See, that's what I think is really unfair. These guys were reluctant to bring it up, even with their shrink, and your response (and Belle's response) is that they're not allowed to even have the feeling. This is particularly unfair to the guy in the story who seems really traumatized by seeing his wife cut open.

"They ended up having to cut her open to get the baby," one patient told me. "I saw it. I mean, how am I supposed to get that out of my head? Every time I look at the scar, it's like I'm seeing it again."

I read that as a surfeit of empathy, and the response I'm hearing is that he's either a wimp or an asshole. That's just wrong.

horizontal rule
7

On your question: I think a lot of the crap advice about mystery and sexiness is the detrius of a bygone age, when male-female relationships had substantially less to do with the sort of companionship we all now seek. When sex is a one-off decision (marriage/no marriage, for example), luring someone in with mystery makes sense. When sex is part of a package of goods, and not the most important of them, it makes less sense.

horizontal rule
8

But I don't think childbirth engenders the same fear of death in men or women that "heart paddles" do.

horizontal rule
9

I don't really see the surfeit of sympathy. Sympathy ought to involve seeing things from the other person's perspective. This seems more like a maddona/whore complex if it's interfering with the relationship. I can see why that might kind of piss off moms.

horizontal rule
10

I think mystery just makes it easier to shape your partner into whatever you want most in your own mind. It replaces the reality of a human being with a fantasy.

horizontal rule
11

"surfeit of empathy" and "wimp" are not incompatible. I mean, "I am so utterly traumatized by your pain that I cannot bear to touch you, even though you'd like me to" is carrying the empathy past the point where it's productive, isn't it? When you feel others' pain so intensely that you cannot function, in ways that harm those very same others, then you're a wimp. Granting arguendo that it is a surfeit of empathy.

I do hope that we now understand and approve of women who, after giving birth, never want to let a man touch them again, if there are any such.

horizontal rule
12

Ah, PZ anticipated me.

horizontal rule
13

"surfeit of empathy" and "wimp" are not incompatible

Ok, point taken.

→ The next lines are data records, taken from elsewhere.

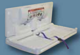
BC 100-EH Page 349
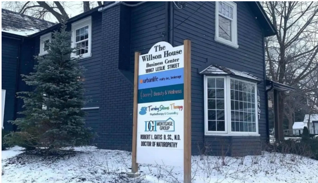
Turning stones therapy by owner
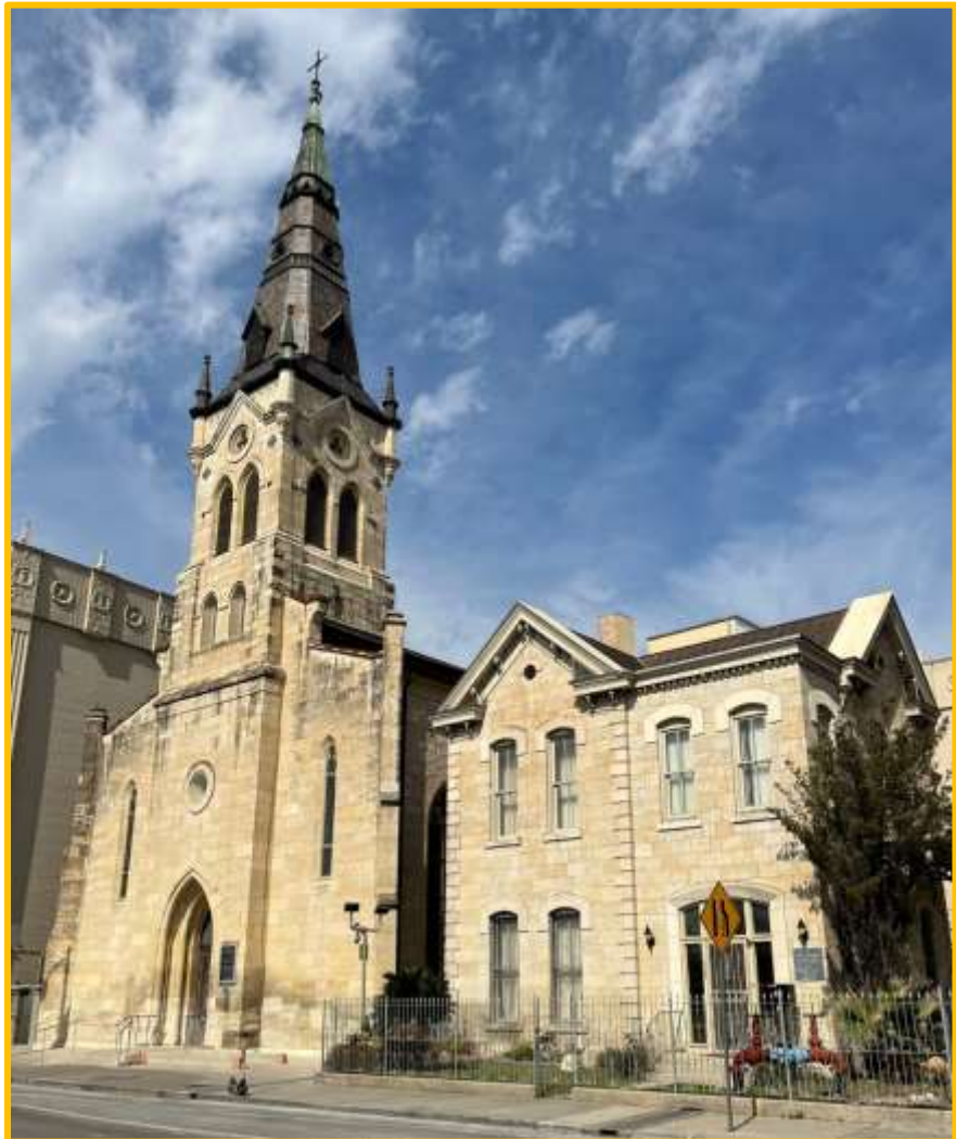
Saint Joseph Downtown Church in San Antonio, Texas
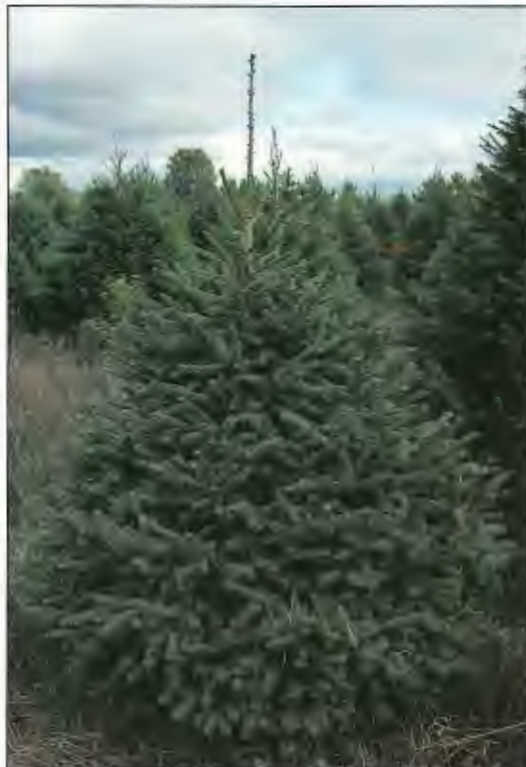
Figure 8. Spartan spruce is new in the Christmas tree industry. This hybrid between Colorado blue spruce and white spruce is characterized by the bluish color of blue spruce and the soft foliage and faster growth rate of white spruce.
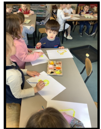
Creating our real life chick pictures.

Though I don't think the proper response to someone having these feelings is to be utterly dismissive.

horizontal rule
14

Surfeits of empathy are hott.

horizontal rule
15

It occurs to me that there are lots of reasons why relatively new parents might find themselves having a reduced interest in sex, and this shrink's leading questions may just be causing people to attribute it all to the trauma of witnessing childbirth. What if he'd started pestering them all about seeing their wife breast-feeding? Or the odor of baby food?

horizontal rule
16

That's silly, Matt, everyone would eat baby food all the time if it didn't come in baby food containers.

horizontal rule
17

Seriously, I don't think his questions, at least as related in the article, are very leading. There's just the one "You saw more than you wanted to?" and it sounds like he's heard this from enough guys that he knows it's a pretty good guess.

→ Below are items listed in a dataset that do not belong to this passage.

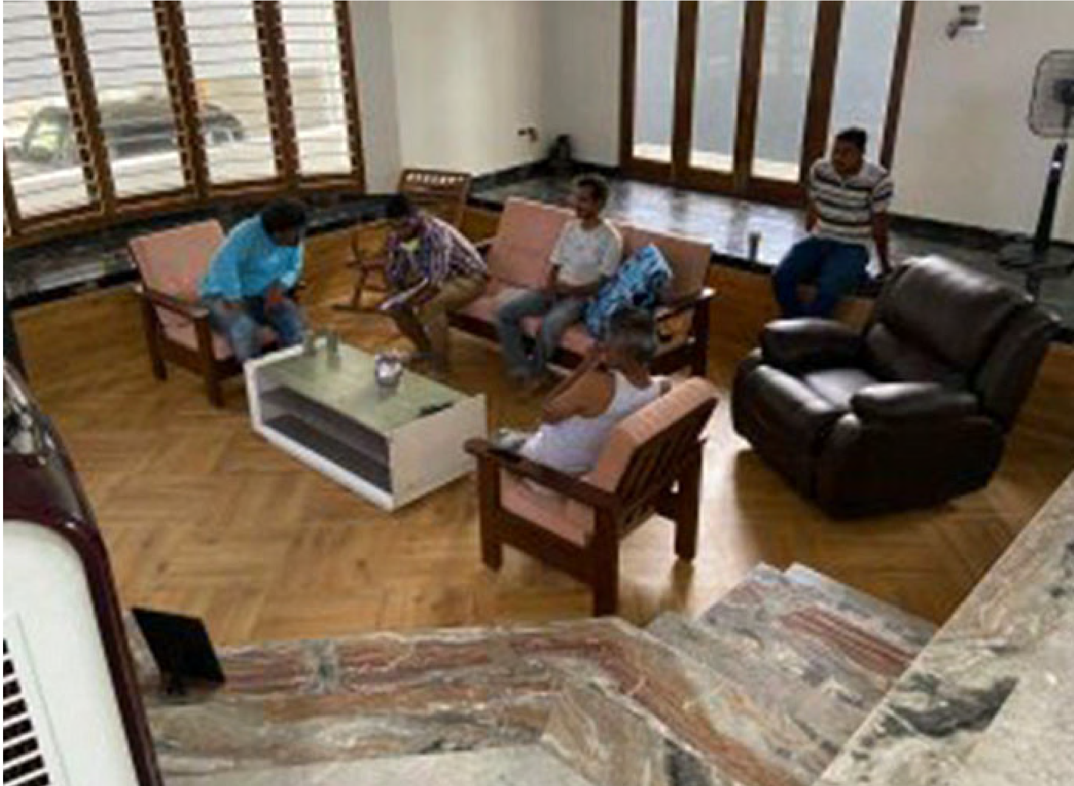
Financial Advice to Owner
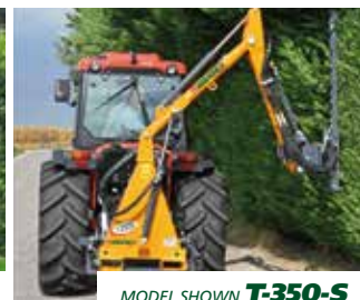
MODEL SHOWN T-350-S
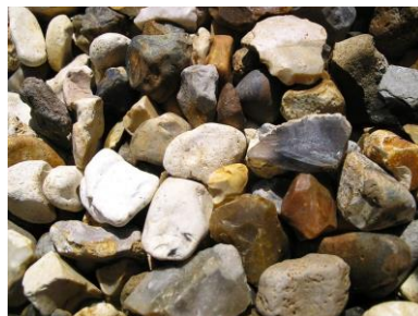
Pickle, IMG6282 http://mrq.bz/BDvXAU
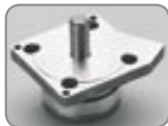
M1042.027 Pull start crankcase cover, set
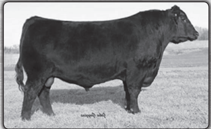
Musgrave Big Sky - Reference Sire F

But if I were to take issue with the explanation, I'd guess that people just stop finding each other sexy after a while, and this seems like a pretty good reason, so people latch on to it.

horizontal rule
18

I assure you this isn't the case. Gerber's "Squash Corn Chicken" is among the fowler (sorry) smelling substances around. I'd sooner eat gjetost, and that's saying a lot.

horizontal rule
19

18 to 16.

horizontal rule
20

Also, no way would I trade places with my wife for childbirth. I don't even have a vagina! The baby would have to tunnel out like an Alien. Much better to leave these things to those equipped for the job, no?

horizontal rule
21

Who's idea was it to put men in the delivery room in the first place? I know for myself that blood and flesh totally gross me out, and it's no different whether the issue is heart surgery or giving birth.

Women might want to think about this a little more carefully before insisting (in all those subtle, passive-aggressive ways people are capable of) that their husbands be there by their sides.

horizontal rule
22

Let's analogize this. If you saw, say, your friend get sliced open on a bus by an assailant, and thereafter had issues with riding buses, would that be wimpy? I mean, really, you big pussy, it was worse for the guy who got sliced open.

As I said in the comments over at J&B's, I've been in the room for one vaginal delivery and one C-section and both were pretty gruesome. Luckily, I'm not much phased by gruesomeness (except for the Mr. Hands video, which left me not right for about a week), and no amount of blood or exposed small intestine has ever kept me from hankering for panky, but I can see how those less fortitudinous types might. I know people who can lose their appetite at the sight of a rare steak, after all. I think they're big pussies, but still...

horizontal rule
23

Fazed, not phased. Though I'm not phased by it, either.

horizontal rule
24

18: Pshaw. Gjetost is delicious.

horizontal rule
25

How come the man can't stand on the wide with the wife, looking at the doctor, instead of facing the shall-we-say business end of the transaction? Or is the idea that the guy goes in thinking he has more fortitude for birth gore than he's actually got?

horizontal rule
26

Well, if you had sliced the friend open yourself, that might make a difference. I mean, it could still be a rational reaction that you don't want to go on the bus again, but it would make you a jerk for not wanting to ride the bus if your friend wanted you to ride the bus with him.

horizontal rule
27

Gjetost, to me, tastes quite literally like caramel mixed with bile. I'm sure I've eaten grosser things, but I can't think of one at the moment.

horizontal rule
28

Kriston: It's harder to avoid than you might think.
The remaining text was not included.